Entretanto, Carlos e Ega decidiram visitar o Ramalhete. Passaram pelo Largo do
Loreto e Carlos espantou-se com o facto de nada ter mudado. Ao descerem o
Chiado, Carlos teve também a mesma impressão, reconhecendo, às portas dos
cafés, as mesmas pessoas que por lá estavam, dez anos atrás, com o seu ar triste e
apagado.
Pelo caminho cruzaram-se e cumprimentaram Dâmaso, que casara com a filha
dos condes de Águeda, uma gente arruinada. Dâmaso sustentava a família e, além
disso, a mulher traía-o, mas ele parecia dar-se bem com isso, uma vez que até tinha
engordado. Passaram em frente do consultório de Carlos, onde agora havia uma
tabuleta de modista, e reviveram momentos do passado, quando se tinham
instalado em Lisboa, cheios de projetos.
Chegaram depois à avenida, que tinha sido renovada, mas Carlos espantava-se
com o aspeto molengão dos rapazes que por ali passeavam, vestindo segundo os
figurinos franceses mas faltando-lhes o sentido estético.

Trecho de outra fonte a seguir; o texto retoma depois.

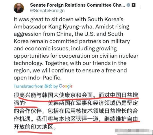美国开始敲打李在明了!李在明访华行程刚一结束,美国参议院外交关系委员会主席吉姆·里施就约见韩国驻美大使康京和,其表态对我们非常不友好!1月8日,吉姆·里施刊文表示,很高兴能与韩国大使康京和会面。此人声称,面对中国日益增强的“侵略性”,美韩两国在军事和经济领域仍是坚定的合作伙伴,包括在民用核技术领域日益增长的合作机遇。 就在李在明结束访华行程的前脚刚迈出北京,大洋彼岸的华盛顿立刻就有了动作,这场看似普通的外交接触,实则充满了某种耐人寻味的“问责”意味,就在1月8日,那个经常在国会山对着地缘政治指手画脚的参议院外交关系委员会主席吉姆·里施,大张旗鼓地把韩国驻美大使康京和叫到了跟前。 里施这番“约谈”的时间点选得不仅是“卡点”精准,简直可以说是刻意为之,面上看他是在这一天刊文表达“很高兴会面”,嘴里挂着美韩是“军事和经济领域的坚定伙伴”,但紧接着抛出的却是对中国日益增强所谓“侵略性”的指责。 这就把这场会面的底色彻底暴露了,里施提到的那个“民用核技术合作机遇”,听起来像是个礼包,实际上更像是一份还没寄出的天价账单,甚至是一道隐形的经济枷锁。 说到这个核技术合作,韩国人心里恐怕是五味杂陈,甚至可以说是一道碰不得的伤疤,美国人嘴里的“机遇”,在韩国业界的账本上,从来都是必须要吞下的苦果。 回顾过往,当韩国水力原子能公司被迫与美国西屋电气签下那份备受争议的协议时,很多韩国业内人士只能打碎牙往肚子里咽,协议内容苛刻到什么程度?每卖出去一座核电机组,且不说6.5亿美元的设备和劳务费要拱手让人,光是纯粹的“技术使用费”就要上贡1.75亿美元。而且这一交就得是50年起步。 更狠的是,这种技术霸权是渗透进骨子里的,哪怕后来韩国工程师争气,自己搞出了小型模块化反应堆,按规矩还是得乖乖送去让西屋电气搞“技术验证”,这就难怪当时这事在韩国国会被痛批是“卖国协议”,甚至直接把相关的核电股吓得大跌,现在里施又把这事拎出来说,无非是想提醒对面的康京和:不管你们想怎么在大国之间搞平衡,吃饭的碗和做饭的锅,还在美国手里攥着呢。 在这场外交施压的背后,美国人手里握着的除了“经济账本”,还有实打实的“军事大棒”,而且挥舞得越来越随心所欲。 对于这一点,康京和这种在联合国历练过的多边外交老手恐怕也深感无力,想当年她跟那个满嘴火药味的蓬佩奥打交道时,就没少挨近乎羞辱的指责,以至于后来能跟稍微讲点体面的布林肯通电话时,都不由得感慨“要是早点碰到你就好了”,但不管对面坐的是谁,美国要的不是韩国的外交辞令,而是绝对服从。 这种服从是有代价的,甚至是带有羞辱性的单方面行动,就在去年年底,完全没有经过什么像样的协商,驻韩美军平泽基地的一整支精锐,第5-17空中中队,突然就被美国人宣布整建制撤离了。 这可不是小动静,这支部队那是配着AH-64E“阿帕奇”武装直升机和RQ-7B无人机的一线战力,500多号人,是地面作战的关键支援力量,关键是,这支部队2022年才刚部署到位,连热乎气还没喘匀,不到三年就撤编。 韩国国防部那边只能尴尬地解释说是美军“自身转型”,但也只能唯唯诺诺地承认事前根本没被充分告知,说撤就撤,这就是赤裸裸地告诉首尔:你们的安全伞,美国人想开就开,想收就收。 这其实就是美国长期以来对待韩国盟友的真实嘴脸:要钱要权还要命,早些时候,华盛顿甚至狮子大开口,逼着韩国把国防预算在GDP里的占比直接拉升到5%,这种要求简直到了荒唐的地步。 更别提在驻韩美军分摊费用的问题上,美国曾试图把价码从11.34亿美元这种规模,一口气暴涨到100亿美元,吃相之难看,连一向能忍的韩国人都只能拿“协议未到期”来硬顶回去。 现在美国人又急着给这个同盟条约打补丁,里施在会面中刻意强调所谓的“印太地区”,其实是在给《美韩共同防御条约》做扩大化解释的铺垫,他们的算盘打得很响:就是想把韩国死死绑在美国的战车上,不仅要管朝鲜半岛的事,未来一旦“台湾有事”,韩国也得作为马前卒顶上去,这跟李在明现在极力想要推行的“自主国防”理念,根本就是南辕北辙。 里施拿中国当幌子,大谈特谈所谓的“侵略性”,不过是给这种深度控制找个道德借口罢了,美国真正焦虑的是,如果李在明真的在北京找到了某种战略回旋的空间,那个把韩国当作东亚战略桥头堡、甚至反华前哨站的布局就会出现裂痕。 日本那边好不容易拉起来的印太“小多边联盟”也会因为韩国的松动而缺角,所以哪怕李在明刚下了飞机,这边的敲打就必须得跟上,用核能合作当诱饵,用军事撤军做威慑,用外交召见来定调,这一套组合拳下来,就是要逼着韩国在夹缝中别无选择,只能回头。 但在经历了这么多“霸凌式”盟友待遇后,韩国这回究竟是忍气吞声,还是能在这种极限拉扯中挤出一点独立空间,才是这场博弈最精彩的看点。

Os dois amigos concluíram então que o que se mantinha genuíno em Lisboa era o
alto da cidade, o casario pelas encostas, os palacetes, os conventos e as igrejas.
Cruzaram-se com Charlie, o filho da Gouvarinho e viram Eusebiozinho, que subia a
avenida, de braco dado com uma mulher muito forte. Tinha um aspeto ainda mais
triste e molengão, e dizia-se que a mulher lhe batia. Carlos, recordando o artigo
publicado no jornal A Corneta do Diabo, a mando de Dâmaso e de Eusebiozinho,
perguntou por Palma Cavalão e Ega esclareceu que ele tinha deixado a literatura e
se dedicava à política.
Apanharam depois uma tipoia para o Ramalhete. Viram Alencar ao longe e Ega
explicou a Carlos que se tornara amigo dele, por ser um dos poucos homens que se
mantinha genuíno e com sentido de honestidade, lealdade e generosidade. O
procurador Vilaça já os esperava e apresentou-lhes o jardineiro que ali vivia com a
mulher e o filho, guardando o Ramalhete.
Os dois amigos percorreram as diversas salas, onde se guardavam os móveis e os
objetos trazidos da Toca. Ficaram emocionados ao visitar o escritório de Afonso e
romperam em espirros, devido a um pó que Vilaça colocara sobre os móveis e os
lençóis que os tapavam. Alguns móveis estavam preparados para serem levados
para Paris, onde Carlos fixara a sua morada. Relembraram o reverendo Bonifácio, o
gato de estimação de Afonso, e Carlos falou sobre a sua morte em Santa Olávia.
Carlos comunicou então ao amigo que Maria Eduarda ia casar com Mr. de Trelain,
vendo nisso a união de dois seres desiludidos da vida que queriam afrontar juntos a
velhice.
Já no quarto de Carlos, os amigos concluíram que haviam falhado na vida, não
tendo levado por diante os seus projetos. Carlos comoveu-se, verificando que só
vivera dois anos naquela casa, mas que era ali que estava toda a sua vida. Ega
reconheceu que, afinal, não tinham passado de uns românticos, governando-se na
vida mais pelo sentimento do que pela razão.
Por fim, decidiram fixar a sua teoria sobre a vida, o «fatalismo muculmano»: nada
desejar e nada recear, não ter ambições nem esperanças e tudo aceitar com
resignação e com a consciência acerca da impossibilidade de se ter qualquer
controlo sobre a vida.
Concluíram que não valia a pena correr para nada, «nem para o amor nem para a
glória nem para o dinheiro nem para o poder», mas, já na rua, aperceberam-se do
adiantado da hora e correram desesperadamente para apanhar um americano'.
Afinal, tendo eles decidido que não valia a pena correr fosse para o que fosse,
apenas apressavam o passo para satisfazerem os apetites do estômago, pois
estavam atrasados para o jantar que Carlos tinha marcado no Hotel Bragança.